アパートの手続きを手伝ってくれたり、スーパーまで連れて行ってくれたり。
彼がルームメイトでなかったらシラキュースでの生活はガラリと変わっていたと思います。
それくらい最高のルームメイトでした。
勿論、彼とはいつも上手くいっていたわけではありません。
不満を持つことも結構ありました。
でも振り返ってみれば、助けてもらったことばかりを思い出します。
また日本で会おうという話をしましたが、本当にまた会いたいです。
そして最後の別れは思ったよりもあっさりでした。
F、本当に色々ありがとう。
そしてFと別れた後は昨日会ったアメリカ人のMが車で来てくれてバス停まで送ってくれました。

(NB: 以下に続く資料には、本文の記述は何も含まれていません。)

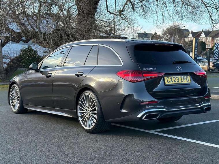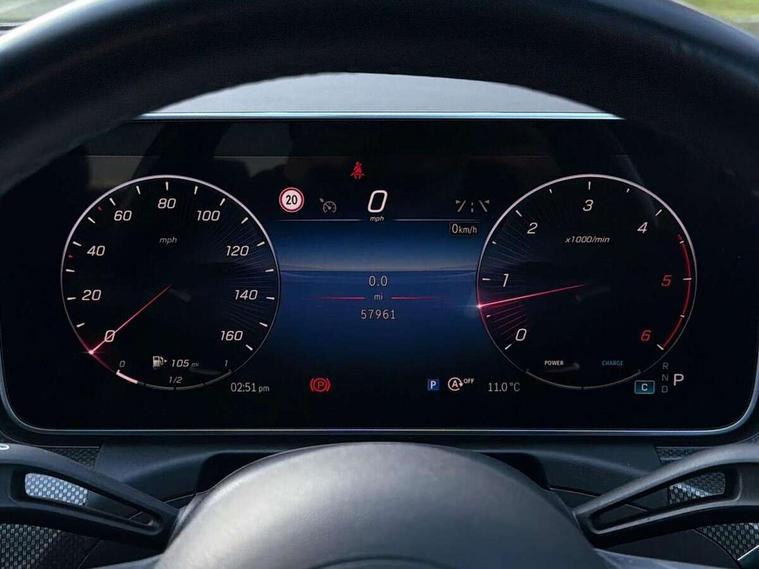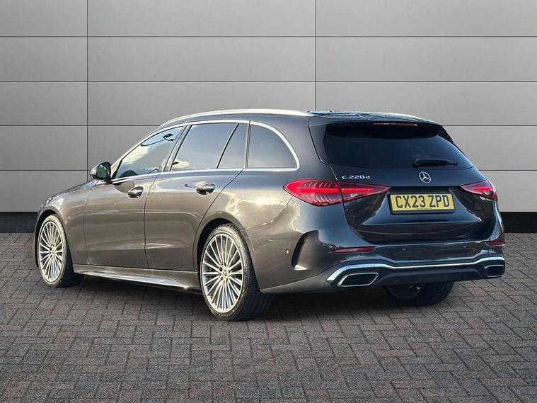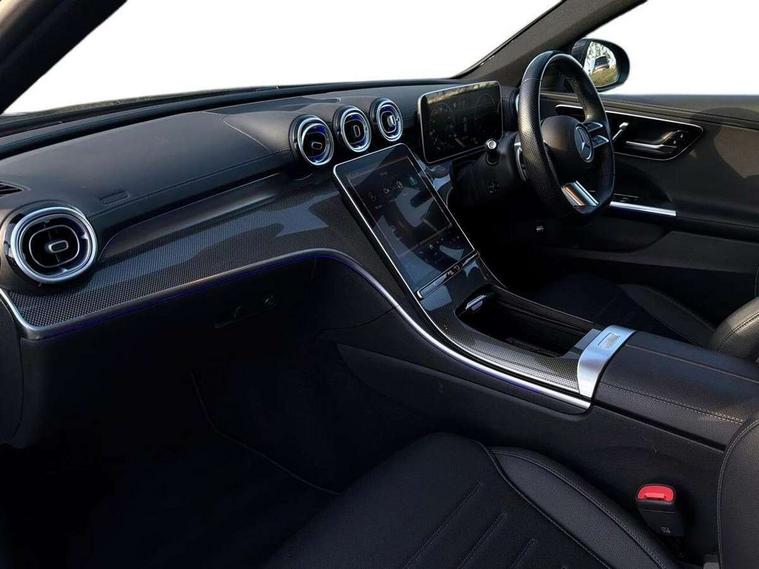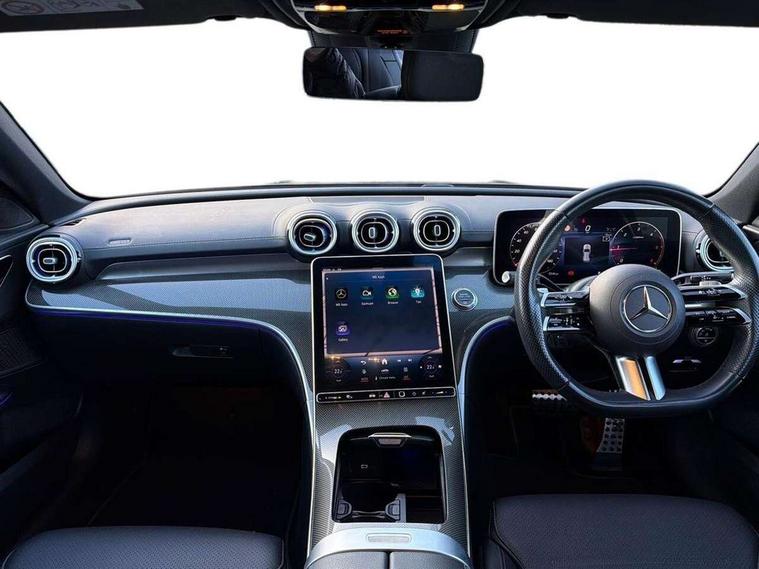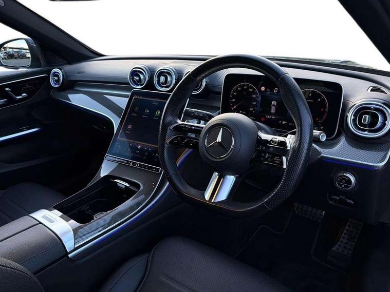 11.9" high resolution multimedia colour display, 12.3" digital instrument cluster display, Active blind spot assist, Active brake assist plus, Active lane keeping assist, AMG DYNAMIC SELECT with a choice of driving modes (Slippery, Comfort, Sport, Sport+, Individual), Attention assist, Cruise control with speedtronic variable speed limiter, E-call, Easy pack automatic powered tailgate, Extended MBUX functions, Finger print sensor, Fluorescent jacket for driver, MBUX augmented reality for navigation, MBUX navigation premium, MBUX voice control activated by keywords "Hey Mercedes", Mercedes connect me, Mercedes me remote services, Outside temperature gauge, Pre-installation for digital key transfer, Remote boot release, Service indicator (ASSYST), Smartphone integration, Speed limit assist, Sports direct steer speed sensitive steering, Status display for rear seat belts in instrument cluster, 66l fuel tank with increased capacity, 9G TRONIC 9 speed automatic transmission, Agility control sports suspension and lowered by 15 mm, Diesel particulate filter, DAB Digital radio, MBUX multimedia system, Adaptive brake lights, Adaptive high beam assist plus, AMG body styling front apron, rear apron and side skirts, AMG front bumper with sporty air intakes and chrome elements, AMG rear bumper with high gloss chrome elements, AMG side skirts in vehicle colour, B-pillar trim in glossy black, Body coloured bumpers, Body coloured door mirrors, Chrome beltline trim, Chrome roof rails, Daytime running lights, Digital light LED headlamps, Electric windows with one touch opening/closing and obstruction sensors, Electrically adjustable and heated door mirrors, Green tinted glass, LED Indicators, LED tail lights, LED third brake light, Powerdomes on bonnet, Privacy glass, Radiator diamond grille with integrated Mercedes Benz star and louvre silver with chrome pins, Radio aerial integrated into rear window, Rain sensor with automatic windscreen wiper activation, Rear side wing doors, Rear wiper, Two visible exhaust pipes integrated into rear bumper, 3 seat bench in 2nd row, 3 spoke flattened bottom AMG multifunction steering wheel in black nappa leather with chrome inserts and perforated leather in grip area, 40:20:40 split folding rear bench seat, AMG sports seats, Artico man-made leather upholstery, Audio and onboard settings control on multifunction steering wheel, Auto Mercedes-Benz child seat recognition sensor, Black air vents with silver chrome elements, Black floor mats with AMG lettering, Black roof liner, Door trim elements high gloss black with silver chrome surroundings and switches, Double cupholder in centre console, Electrically height/reach adjustable steering column, Folding rear seat backrest, Front and rear head restraints, Front centre armrest with storage compartment, Gearshift paddles on steering wheel, Heated front seats, Illuminated door sills with Mercedes Benz lettering, Illuminated glove compartment stowage, Interior lighting - 64 colour Ambient lighting, Load compartment cover, Overhead control unit in high gloss black, Rear top tether child seat ISOFIX attachment, Single front passenger seat, Sports pedals with stainless steel surfaces and rubber studs, Sunvisors with illuminated vanity mirrors, THERMATIC 2 zone automatic climate control, Interior lighting package - C Class, Memory package - C Class, Mirror pack - C Class, Parking package with 360 degree camera - C Class, Seat comfort pack - C Class, Stowage space pack - C Class, USB package - C Class, 3 rear 3 point seatbelts, Active bonnet pedestrian safety measure which detects an impact and raises bonnet, Adaptive brake system with HOLD function and brake drying in the wet, Anti-lock braking system (ABS), Black seat belts, Brake calipers with Mercedes-Benz lettering + perforated front brake discs, Child proof door locks, Drivers knee airbag, Drivers pelvis airbag, Dual stage driver/passenger airbags, Electric parking brake, Electronic Stability Programme (ESP), Front centre airbag between driver and front passenger seats, Front side airbags, Larger brake discs on front axle, Rear seatbelt warning indicator, Sports braking system with perforated front disc brakes, Tyre pressure monitoring system, Warning triangle and first aid kit, Window airbags for driver, front passenger and rear passenger, Central locking with interior switch, automatic locking and crash sensor with emergency opening function, Chrome surround in electric key, Keyless Go, URBAN GUARD vehicle protection (Thatcham Category 1) consisting of break-in, anti-theft alarm system (ATA), interior monitoring and tow-away protection, Artico man-made leather dashboard with contrast stitching, Centre console trim in metal weave, 19" AMG multi spoke light alloy wheels painted himalayas grey with high sheen finish, Summer tyres, TIREFIT with tyre inflation compressor,

彼は6月から8月まで日本にいるので是非東京で会いたいなと思います。
Mと別れ、バス停でバスを待つこと2時間。
ボストン行きのバスに乗り、僕はシラキュースを去りました。
もしかしたら人生で二度と来ないかもしれないシラキュース。
最初は何もなくて正直つまらないと思っていたシラキュース。
でも今思うのは、シラキュースに来てよかったということ。
素晴らしい大学、素晴らしい街で9ヶ月間生活したんだなという実感。
もしかしたら今までで一番充実していた9カ月かもしれません。
でも留学が終わったわけではないのでそういった感想は1ヶ月後に書こうと思います。
今はボストンのバスターミナルで友達Mが来るのを待っています。
まずはボストン旅行を楽しみます。
ではまた。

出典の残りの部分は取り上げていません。